*** Opening of Data shown ***

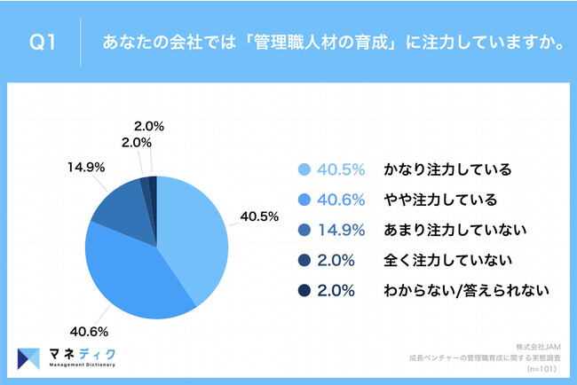 「Q1.あなたの会社では『管理職人材の育成』に注力していますか。」(n=101)と質問したところ、「かなり注力している」が40.5%、「やや注力している」が40.6%という回答となりました。
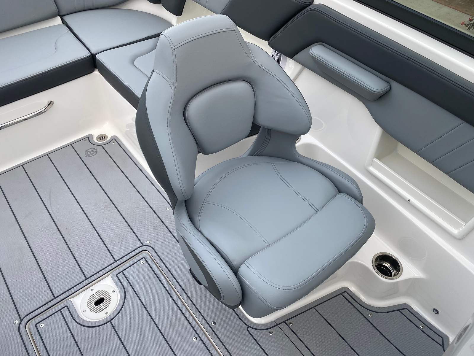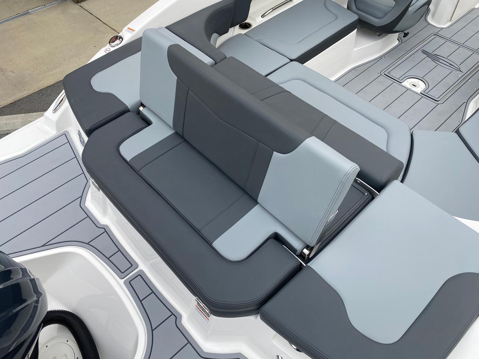 The Chaparral 23 SSI OB is packed with premium features that enhance both functionality and comfort. The gel-coated entire hull in alloy gray not only looks fantastic but also provides added durability and resistance to the elements. The solid hull color bottom further reinforces the boat’s strength and longevity. Inside, the Shadow cockpit interior offers a stylish and comfortable setting, while the standard black canvas provides shade and protection from the sun.One of the standout features is the MTX Folding Arch Tower in white, which adds a sporty flair and makes it easy to store or transport the boat. The deluxe package includes a digital depth gauge for precise navigation, a bimini top with boot or tower top canvas for versatile shade options, and ultra-comfort pedestal seats with flip-up bolsters for both the helm and passenger. These seats ensure that everyone on board enjoys maximum comfort, whether you’re cruising or relaxing at anchor.Additional features include a port console storage door and deluxe badging, snap-in Seadek cockpit flooring in slate for easy cleaning and superior traction, and a galvanized anchor for secure mooring. The Chaparral 23 SSI OB also comes with a 5-year premium level limited component warranty, offering peace of mind and long-term protection for your investment.
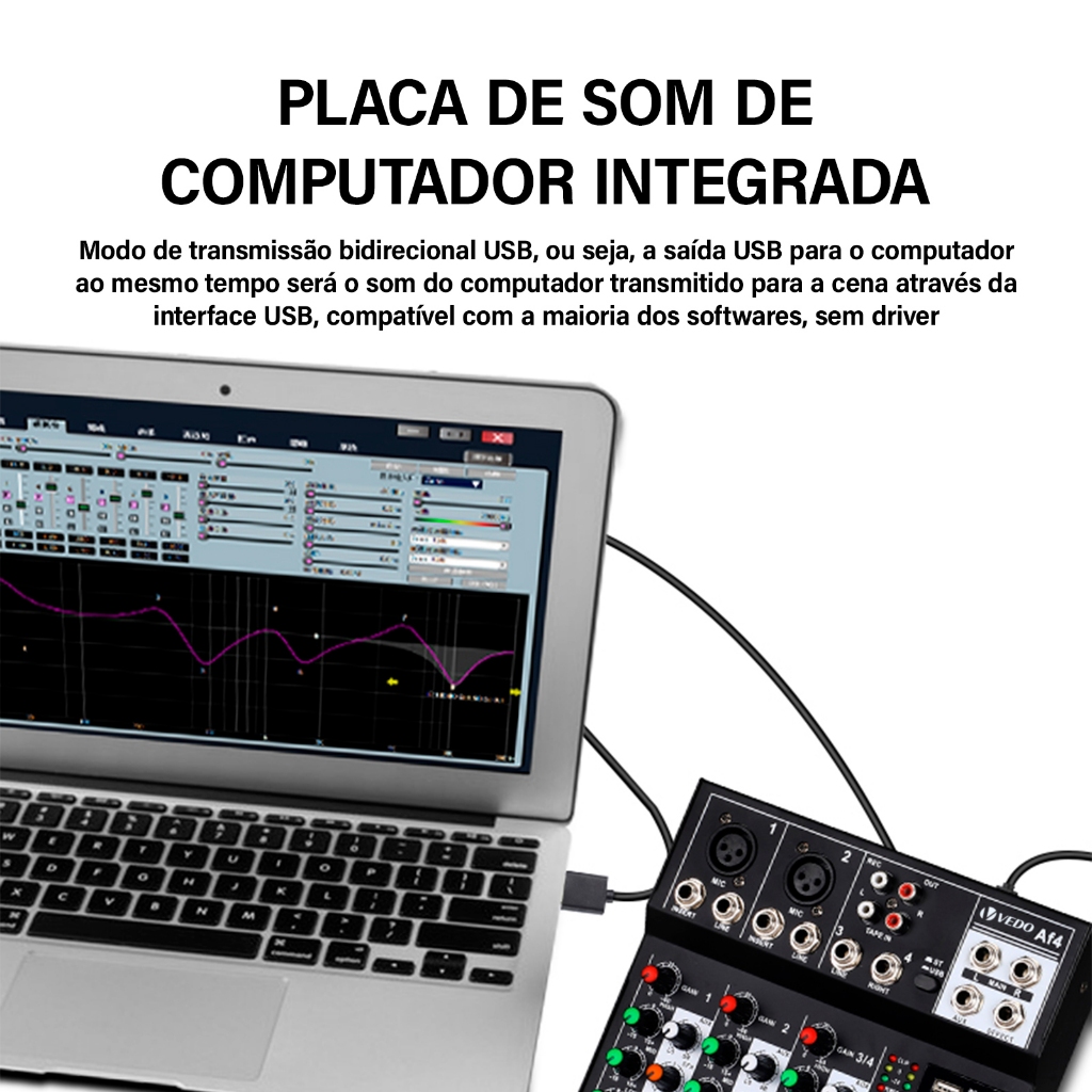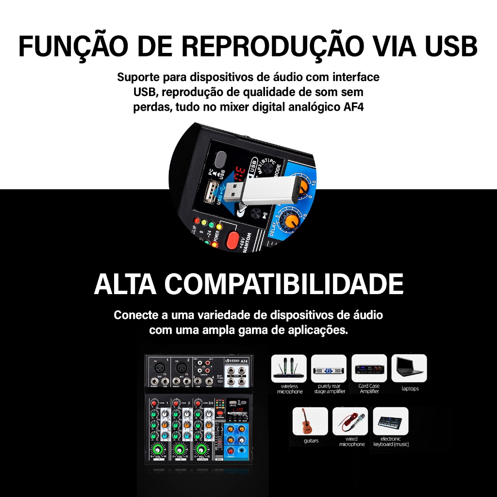 VEDO AF4 Mixer Misturador analógico Placa de som digital fundida 4 canais Definições de funções personalizadas Consola
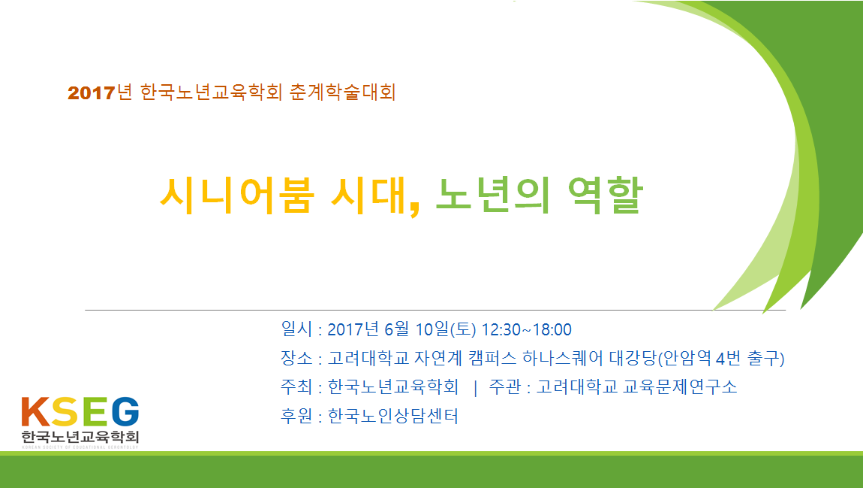 [한국노년교육학회] 2017 춘계학술대회(6/10, 고려대) 사전등록신청 안내

*** Close of Data shown ***

- [Try it]
In your copy of the data above, leave out the pictures and repeat everything else exactly.

- [Reply to the exercise]
 「Q1.あなたの会社では『管理職人材の育成』に注力していますか。」(n=101)と質問したところ、「かなり注力している」が40.5%、「やや注力している」が40.6%という回答となりました。
 The Chaparral 23 SSI OB is packed with premium features that enhance both functionality and comfort. The gel-coated entire hull in alloy gray not only looks fantastic but also provides added durability and resistance to the elements. The solid hull color bottom further reinforces the boat’s strength and longevity. Inside, the Shadow cockpit interior offers a stylish and comfortable setting, while the standard black canvas provides shade and protection from the sun.One of the standout features is the MTX Folding Arch Tower in white, which adds a sporty flair and makes it easy to store or transport the boat. The deluxe package includes a digital depth gauge for precise navigation, a bimini top with boot or tower top canvas for versatile shade options, and ultra-comfort pedestal seats with flip-up bolsters for both the helm and passenger. These seats ensure that everyone on board enjoys maximum comfort, whether you’re cruising or relaxing at anchor.Additional features include a port console storage door and deluxe badging, snap-in Seadek cockpit flooring in slate for easy cleaning and superior traction, and a galvanized anchor for secure mooring. The Chaparral 23 SSI OB also comes with a 5-year premium level limited component warranty, offering peace of mind and long-term protection for your investment.
 VEDO AF4 Mixer Misturador analógico Placa de som digital fundida 4 canais Definições de funções personalizadas Consola
 [한국노년교육학회] 2017 춘계학술대회(6/10, 고려대) 사전등록신청 안내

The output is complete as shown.